All Products
Search
Document Center

Cloud Monitor:Alert rules

Last Updated:Mar 27, 2026

An alert rule monitors a specific application. When triggered, it generates an alert event and notifies specified recipients, such as alert contacts, chatbots, custom webhooks, or action integrations, ensuring you are promptly informed to take action.

Prerequisites

  • The required observability services, such as Managed Service for Prometheus, Application Real-Time Monitoring Service (ARMS), or Log Service, are enabled.

  • You have created notification objects.

Create an alert rule

  1. Log in to the CloudMonitor 2.0 console. In the left-side navigation pane, choose All Features > Alert Center.

  2. On the Alert Center page, choose alert management > alert rules.

  3. On the alert rules page, click Create alert rule.
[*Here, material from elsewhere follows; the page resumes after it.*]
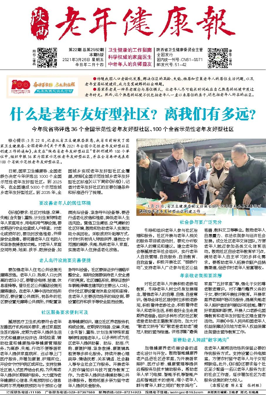 核心提示:3月22日,记者从省卫生健康委获悉,我省目前转发了国家卫生健康委、全国老龄办《关于开展2021年全国示范性老年友好型社区创建工作的通知》,决定在首批创建的100个“陕西省老年友好型社区”中,组织申报36家为国家示范性老年友好型社区,并在全省再评选表彰100个省级示范性老年友好型社区。

  4. In the Create alert rule panel, configure the parameters for the rule.

    1. Rule name: A descriptive name for the alert rule to facilitate management.

    2. Monitoring type: Select the type of service to monitor.

      • Managed Service for Prometheus / Cloud Synthetic Monitoring

        Parameter

        Description

        Data source type

        The data source of the selected monitoring service.

        Region

        The region of the data source.

        Prometheus instance

        The instance to monitor.

        Condition definition method

        Custom PromQL: Write a custom PromQL query. For more information, see PromQL function examples.

        Configure based on predefined metrics:

        • Metric group: Select a metric group.

        • Metric: Select a metric.

        • Detection condition: Set the detection condition by specifying a comparison operator and a threshold. p50, p75, p90, and p99 represent percentiles.

        • PromQL preview: Preview the PromQL statement for the predefined metric.

        Severity

        Set the severity level for the alert rule.

        • P1: Critical: For major issues that affect core service availability and have a widespread impact.

        • P2: Error: For issues that cause partial service failures and have a moderate impact on system availability.

        • P3: Warning: For issues that may lead to service errors or disruptions.

        • P4: Info: For low-priority events that require notification. This is the default level.

        Duration

        The period a condition must persist before an alert is triggered. This setting helps prevent false alarms from momentary fluctuations.

        Alert check interval

        The interval at which the alert rule is evaluated. The default is 60 seconds (once per minute).

        Content

        Customize the alert notification content by using Go template syntax. Example: Namespace: {{$labels.namespace}} / Pod: {{$labels.pod_name}} / Container: {{$labels.container}} CPU usage is {{$labels.metrics_params_value}}%, current value is {{ printf "%.2f" $value }}%

        Labels

        User-defined key-value pairs for categorizing and filtering alert rules. Examples: env: production, team: sre.

        Annotations

        Additional information for the alert, such as descriptions or links to runbooks. Examples: description: High CPU usage, runbook_url: https://wiki.xxx.com/runbook\.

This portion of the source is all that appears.